In accordance with an embodiment, a method of decoding an audio/speech signal includes decoding an excitation signal based on an incoming audio/speech information, determining a stability of a high frequency portion of the excitation signal, smoothing an energy of the high frequency portion of the excitation signal based on the stability of the high frequency portion of the excitation signal, and producing an audio signal based on smoothing the high frequency portion of the excitation signal. Smoothing the energy of the high frequency portion of the excitation signal includes applying a smoothing function to the high frequency portion of the excitation signal. In some embodiments, the smoothing function may be stronger for high frequency portions of the excitation signal having a higher stability than for high frequency portions of the excitation signal having a lower stability. The steps of decoding the excitation signal, determining the stability and smoothing the high frequency portion of the excitation signal may be implemented using a hardware-based audio decoder. The hardware-based audio decoder may be implemented using a processor and/or dedicated hardware.

In an embodiment, determining the stability of the high frequency portion includes determining whether an energy of the high frequency portion of the excitation signal is between an upper bound and a lower bound. The upper bound and the lower bound are based on a smoothed high frequency energy and/or a previous high frequency energy, and the high frequency portion is determined to have a higher stability when the energy of the high frequency portion of the excitation signal is between the upper bound and the lower bound.

The method may further include determining a periodicity of the incoming audio/speech signal, and increasing a strength of the smoothing function inversely proportional to the determined periodicity of the incoming audio/speech signal constitutes voiced speech. Furthermore, determining the stability of a high frequency portion of the excitation signal may include evaluating linear prediction coefficient (LPC) stability of a synthesis filter.
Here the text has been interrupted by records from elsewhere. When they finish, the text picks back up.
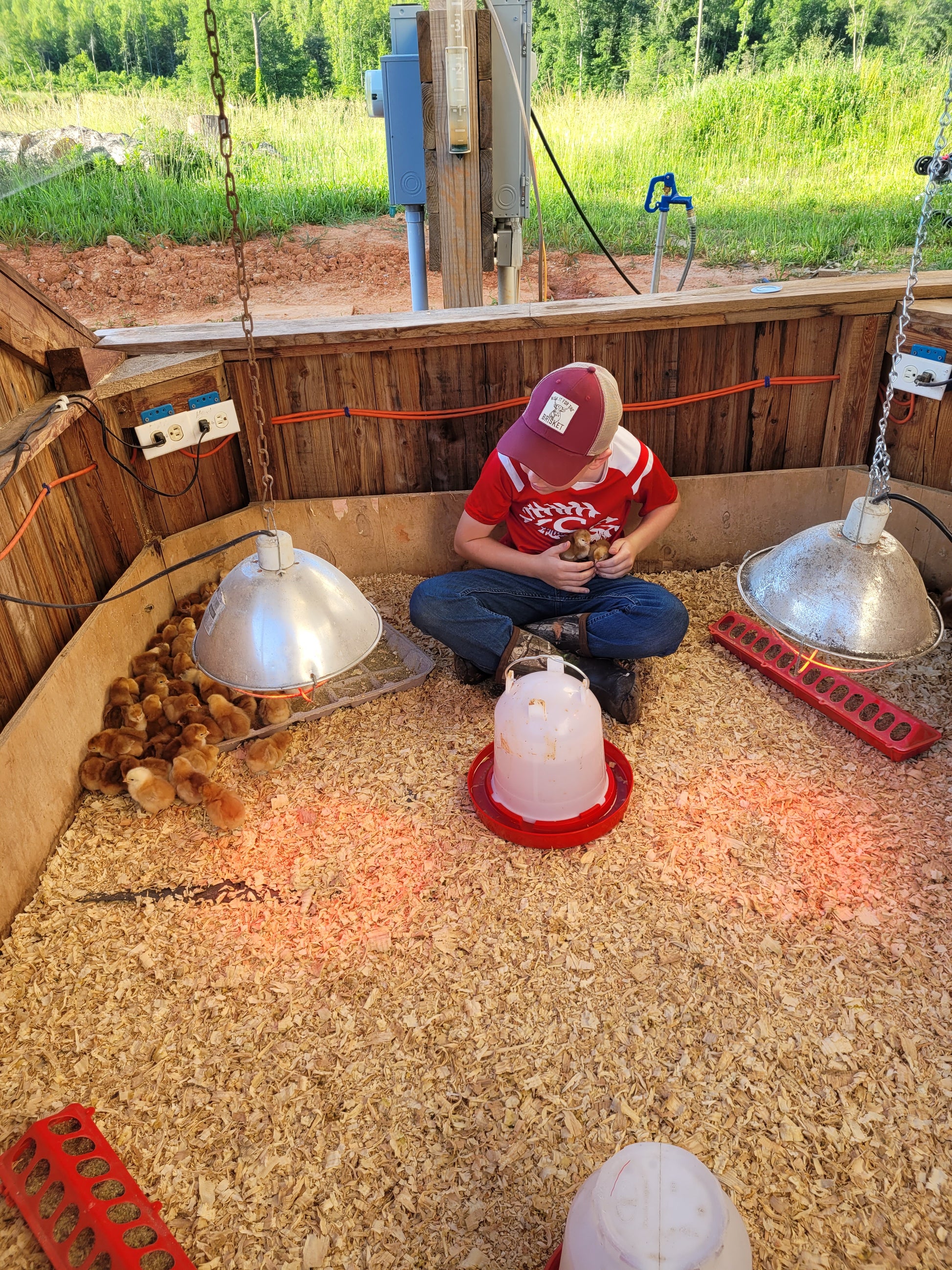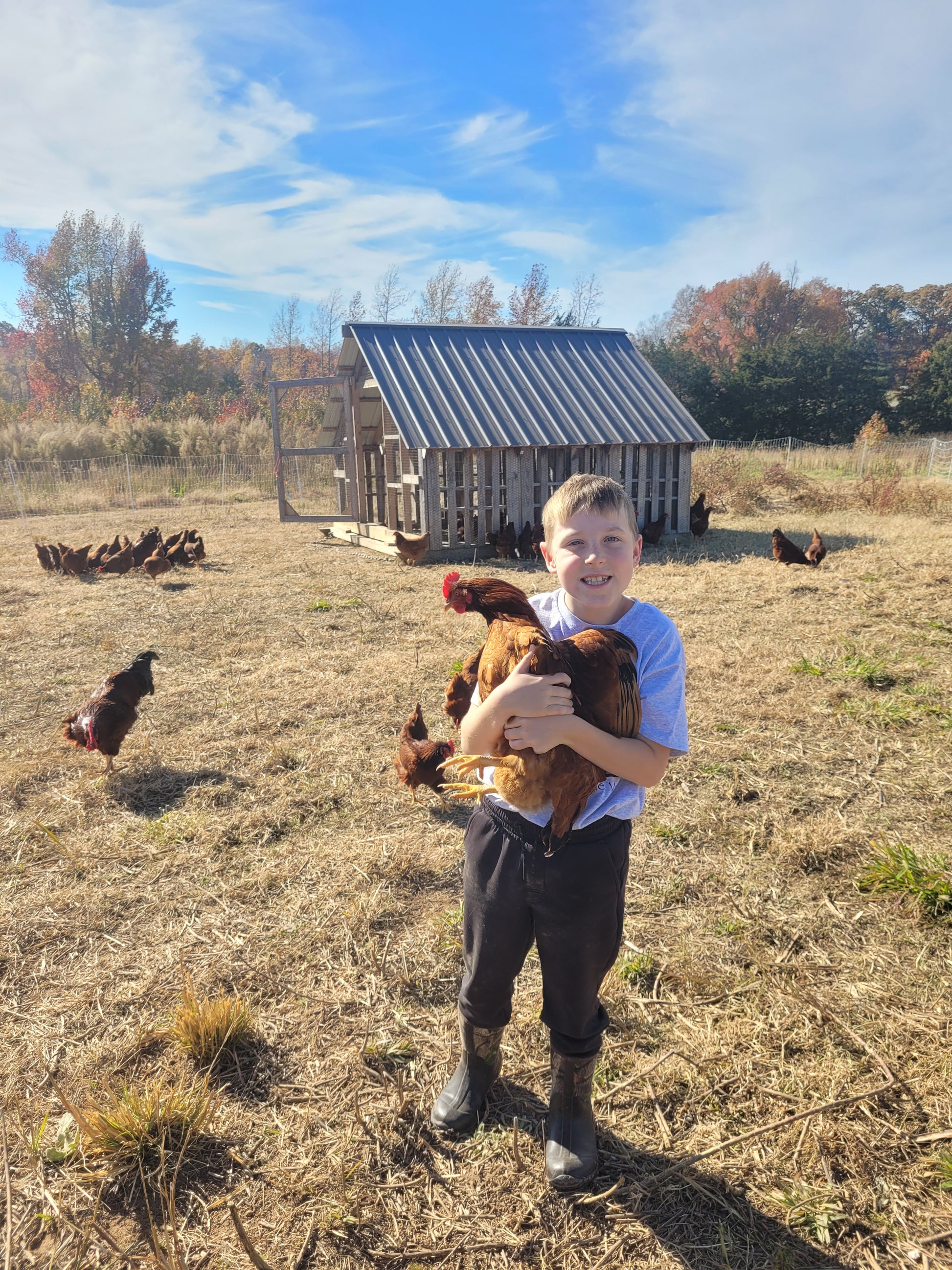 He has raised his chickens from day old chicks and cared for them every day since. Cole has chosen a local soy free chicken feed to supplement his birds in between bugs and other forages. They are are on open rotating pasture which makes them very happy and cared for chickens!
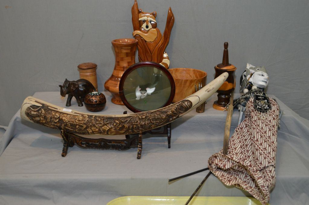 Selection of Indonesian collectibles including treenware animals, figures and vase, puppet and large resin tusk on wooden base
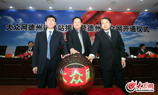 劉保聚、劉致福和郝克遠共同按下水晶球開通德州大眾網,吳翠云和傅紹萬為大眾網德州記者站揭牌。
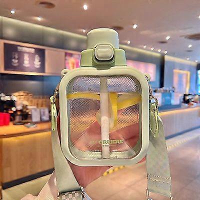 700 Ml Cute Square Flat Water Bottle Bpa Free With Straw Strap Summer Large Kids Student Sippy Plastic Cup Leak Proof Kettle

In an embodiment, smoothing the high frequency portion of the excitation signal includes determining a high frequency gain and applying the high frequency gain to high frequency portion of the excitation signal. Determining this high frequency gain may include determining the following expression:

G_hf = \sqrt{\frac{Energy_Stable}{Energy_hf}},

where G_hf is the high frequency gain, Energy_Stable is a target high frequency energy level, and Energy_hf is an energy of the high frequency portion of the excitation signal. In some embodiments, the method further comprises determining the target high frequency energy level by calculating:
Energy_Stable=α·Energy_— hf_old+(1−α)·g _hf·Energy_— lf,
when the energy of a low frequency portion of the excitation signal is greater than the energy of the high frequency portion of the excitation signal. Energy_Stable is the target high frequency energy level, Energy_lf is the energy of the low frequency portion of the excitation signal, Energy_lf_old is a previous high band excitation energy obtained after post enhancement is applied, α is a smoothing factor, and g_hfis a scaling factor. The method further includes calculating
Energy_Stable=α·Energy_— hf_old+(1−α)·g _hf·Energy_— hf,
when the energy of a low frequency portion of the excitation signal is not greater than the energy of high frequency portion of the excitation signal, where Energy_hf is the energy of the high frequency portion of the excitation signal. In some embodiments, scaling factor g_hfis higher for noisy excitation and unvoiced speech than it is for voiced speech.

In accordance with a further embodiment, a method of decoding an audio/speech signal includes generating an excitation signal based on an incoming audio/speech information, decomposing the generated excitation signal into a high pass excitation signal and a low pass excitation signal and calculating a high frequency gain. Calculating the high frequency gain includes calculating an energy of the high pass excitation signal, calculating an energy of the low pass excitation signal, and determining the high frequency gain based on the calculated energy of the high pass excitation signal and based on the calculated energy of the low pass excitation signal. The method further includes applying the high frequency gain to the high pass excitation signal to form a modified high pass excitation signal, and summing the low pass excitation signal to the modified high pass excitation signal to form an enhanced excitation signal. An audio signal is generated based on the enhanced excitation signal. In an embodiment, determining and generating are performed using a hardware-based audio decoder that may be implemented, for example, using a processor and/or dedicated hardware.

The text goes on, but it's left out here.